The Beatles, a lifeline // Someplace else - George Harrison

Siento desgarrada el alma, la experiencia humana toma formas incomprensibles en medio de los días más felices y regresas al pensamiento base, originario.
La búsqueda de la felicidad se concreta entre los brazos de aquellos devotos a tu vida, ¿qué hacemos cuando no están, qué deberíamos hacer con tanto dolor, dónde lo ponemos?

¿Qué hago con este dolor y dónde lo pongo? 

Hoy subí una cumbre majestuosa. Hablé con Dios en medio de los pastizales, le pedí con vehemencia que me dejara llegar a la cúspide sin tribulación, era completamente consciente del peligro que significaba la falta de preparación y herramientas.

Temía por mi vida, pero sobretodo por mi Atlas. ¿Qué sería de mi vida sin ella? compañera predilecta de aventuras y existencia. Sé con firmeza que las dos somos una, entendemos nuestros días como un plácido remanso que nos corresponde a ambas. No son veinticuatro horas las que tengo al día, son cuarenta y ocho. Igual que la Atlas. Las dos juntas siempre. Qué alegría verle correr y perseguir faisanes y otras aves del páramo.

Recé con fuerza para que Dios abriera los cielos y dibujara los poderosos rayos de sol que tanto amamos encima de la rocosa montaña que se abría ante nuestros ojos. En cuestión de segundos, un ventarrón poderoso sopló en nuestras caras, y por obra divina, literalmente, un baño dorado cubrió la montaña negra que nos esperaba ansiosa.

Lloré a mares, tuve ganas de botarme al suelo y seguir llorando cinemáticamente, pero dada la circunstancia en la que nos encontrábamos, decidí seguir adelante y seguir llorando y seguir hablándole a Dios. 

Al bajar volví a pedir clemencia con nosotras, íbamos disparadas, rogando que la gravilla se mantuviese firme bajo nuestros pies (personalmente, me arrepentía con gravidez el haber elegido los chucks como zapatos de compañía esa mañana). Si es de ser, será, pensaba. Pero mi firme y obtusa humanidad me hizo creer que podía doblar el tiempo, y llegar a donde debía en cuestión de segundos. 

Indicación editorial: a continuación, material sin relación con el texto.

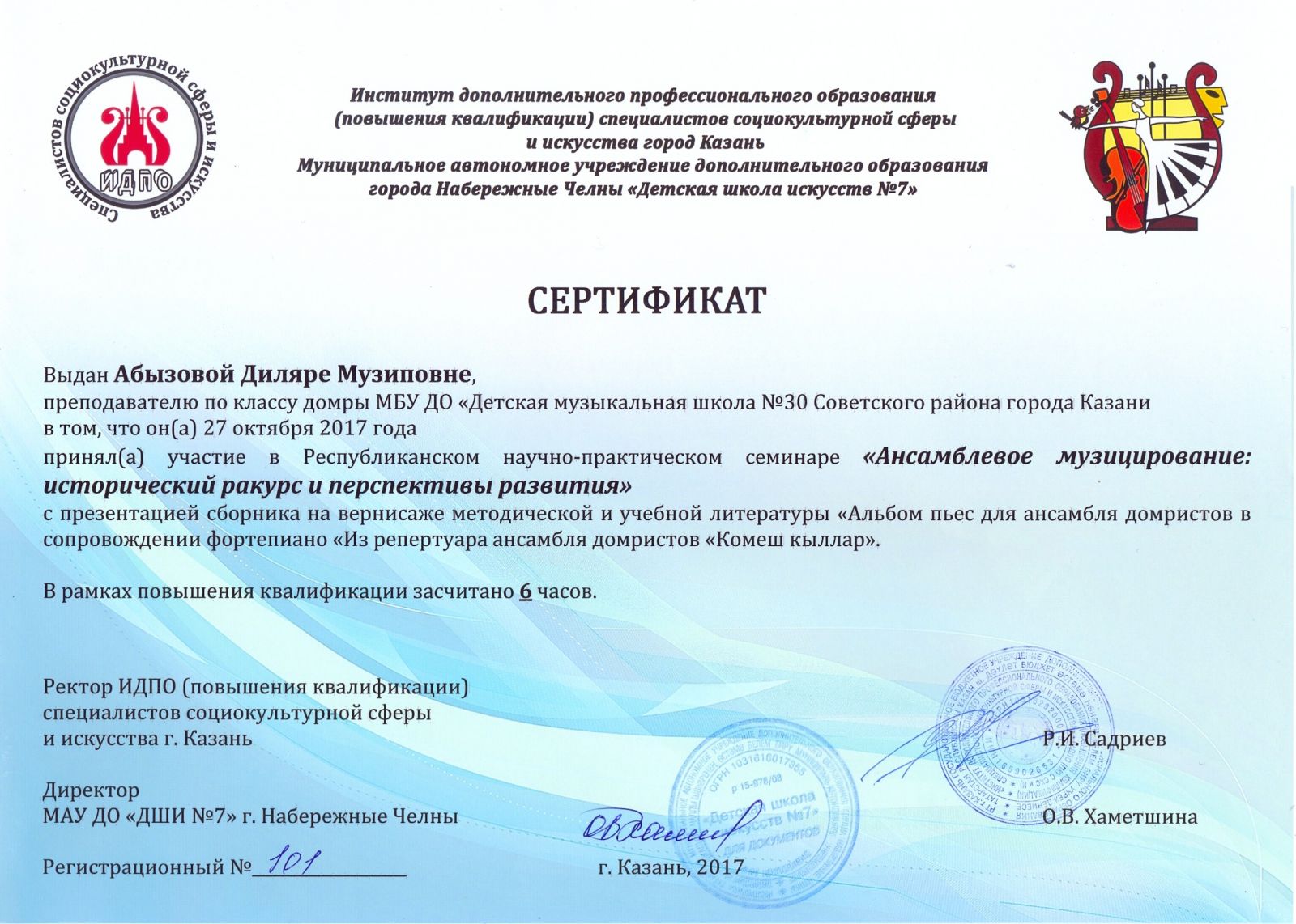 Мастер-классы профессора КГК им.Н.Жиганова Потаповой Л.Н. - Хусаинова З.З. - слушатель

Quise llorar nuevamente, pero esta vez no por sentirme maravillada ante la vastedad divina, sino porque sabía que sería imposible lograr cualquier ajetreado movimiento para saltar kilométricas distancias en dos minutos.

Y fallé, miserablemente. Y me sentí terrible por un número absurdo de razones. La principal siendo que necesitaba este día; las secundarias que la culpa me embebía el corazón. Me sentí ingrima ante el universo. Íngrima y miserable, y sin un hombro a mi lado para sacudir esa pena. Así que una vez más, y en el suelo del baño, me puse a llorar a mares. Lloré con alferecía, el alma se me salía por las manos. 

Al llegar a casa tuve una sesión espiritual donde yo era Dios, Hijo, y Espíritu Santo. Me quejé de todo y sentí la deshidratación en la coronilla de la cabeza con cabellos azules apelmazados bajo mi gorra.

Y no quiero decir que mientras escribo esto me siento mejor; me duché largo y ordené mi cuarto, le cociné a la Atlas, y decidí alejarme de mundanal ruido desconectándome de podcasts y playlists predilectas de la temporada. 

Salí a la terraza con un tabaco en mano y siete canciones de los Beatles en mi queue. Nació una nueva playlist para gritarle al universo nuevamente que esos manes me salvaron la vida y que les amo y que su música es mi lifeline predilecto para toda emoción. Existir con los manes de fondo me calienta el pecho. El corazón me repica con emoción y felicidad y tranquilidad y cercanía y amor cuando suenan a mi alrededor. Y me hace feliz amarles tanto así. El reverberante sentido de proximidad que provocan es una experiencia casi, casi tan religiosa como la de esta mañana. 

Dios abrió los cielos e iluminó el Rucu. Los Beatles tocaron siete canciones en mis auriculares y la vida me hizo sentido otra vez.

Dale suave, pelada. Un día a la vez. Moderadamente bien.